Response includes a token that starts with as_live_…. It’s returned exactly once — store it where your agent can read it (env var, secret manager). Sigil doesn’t retain a copy.

Revoke any time:

Terminal window
curl -X POST https://api.sigilkeys.com/v1/orgs/{orgID}/agent-sessions/{sessionID}/revoke \
-H "Authorization: Bearer sk_live_..."

Revocation is immediate. The next signing call with that token returns 401.

What the agent sees

From the agent’s perspective, the SDK looks like a tiny version of the wallet SDK:

import { SigilAgent } from '@sigilkeys/sdk';
const agent = new SigilAgent({
apiBaseUrl: 'https://api.sigilkeys.com',
sessionToken: process.env.SIGIL_AGENT_TOKEN!,
});
// Inspect what the session is allowed to do.
const profile = await agent.getSession();
console.log(profile.walletAddress, profile.spentNative, profile.maxSpendTotalNative);
// Sign.
const sig = await agent.signMessage('login challenge', { network: 'base' });
const { signature } = await agent.sendTransaction({
network: 'base',
to: '0x...',
value: '50000000000000000', // 0.05 native
});

The agent cannot widen its own limits, switch wallets, or read the underlying secret key. Every call goes through the policy engine before the TEE is asked to sign.

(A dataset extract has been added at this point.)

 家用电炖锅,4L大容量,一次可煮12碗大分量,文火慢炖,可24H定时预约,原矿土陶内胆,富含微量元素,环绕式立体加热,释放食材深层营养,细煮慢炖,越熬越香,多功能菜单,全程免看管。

Smart accounts owned by TEE wallets

A TEE wallet can own a smart account exactly like a client wallet can:

Terminal window
curl -X POST https://api.sigilkeys.com/v1/s2s/wallets/{walletID}/smart-accounts \
-H "Authorization: Bearer sk_live_..." \
-d '{"chain": "base"}'

The agent then sends through the smart account — Sigil sponsors the gas under the standard €10 / wallet / month cap. The TEE signs the userOpHash the same way it signs any EIP-191 message.

This combination — TEE-custodied signing + 4337 sponsorship — is the recommended setup for production agent workloads: no key in client memory, no gas-funding chore for operations.

Policies, in 90 seconds

Every signature an agent makes is gated by two layers, stricter side always wins:

  1. Per-agent policy — limits you set at agent or session creation (max_spend_per_tx_native, allowed_chains, allowed_recipients, etc.).
  2. Organisation global rules — limits the org owner sets centrally (blocked_chains, max_native_per_tx_cap, token_mode, etc.). These are the floor; per-agent limits can only narrow them.

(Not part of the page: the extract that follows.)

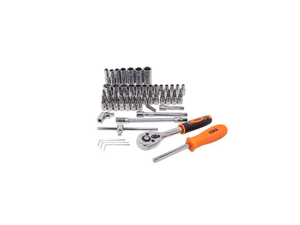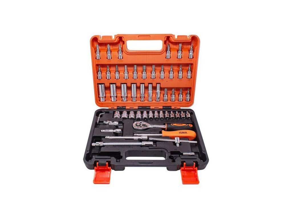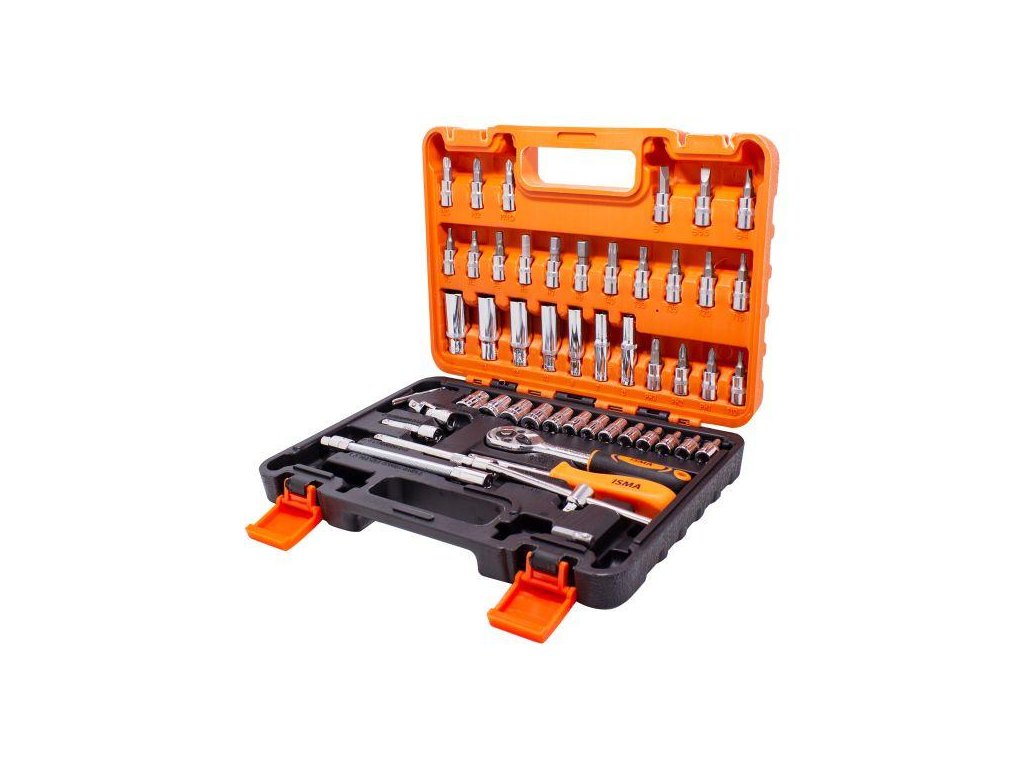 A készlet tartalmaz egy racsnit, amely tartós fogaskereket tartalmaz. A készlet gazdag fejsorozatot (4-től 14 mm-ig) és gyertyakulcsokat, valamint csavarhúzó végeket (lapos, kereszt, hatszögű, Torx) tartalmaz. Kiegészítik hosszabbítók (beleértve egy rugalmasat), univerzális ízület, hatszögletű kulcsok, T-típusú nyél és bit tartó. Az elemek praktikusan válogatva helyezkednek el a táskában. A készlet kiválóan alkalmas mind professzionális, mind hobbi használatra. A professzionális gyártás és a megkeményített króm-vanádium acél biztosítja a tartósságot és megbízhatóságot. Az összes kulcs mérete fel van tüntetve a felhasználó kényelme érdekében.A készlet tartalmazza:

A widening operation that contradicts the org rules is silently bounded by the org rules — not an error, just clipped to the stricter limit.

For the full data model, evaluation order, error codes, and a worked example, see Policies.

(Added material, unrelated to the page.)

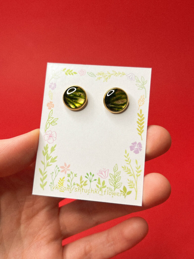 Серьги-гвоздики с сухоцветами в ювелирной смоле «Вечность в зелени», РФ

How A2A delegation interacts with wallets

When one Sigil agent delegates to another (e.g. Orchestrator → Compliance), the child agent runs against its own wallet and policies — not the parent’s. The runner spawns a child run with parent_run_id set, the parent pauses with status=awaiting_delegate, and the child’s terminal state triggers the parent’s resume.

For external A2A callers (other vendors’ agents calling yours), the session token is the standard as_live_… flow with the same policy gating.

See Architecture for the A2A primitives, and Pause and resume for the run-state machine.

What the portal shows you

Every signing attempt — allowed or rejected — produces an event. The portal renders them at:

  • /v1/orgs/{orgID}/agents/{agentID}/runs/{runID}/events for autonomous agents.
  • /v1/orgs/{orgID}/agent-sessions/{sessionID}/events for as_live_… sessions.

Both surfaces show the chain, target, value, and (for rejections) the policy reason code. Operations is your visibility into what an agent actually tried to do, not what its prompt asked for.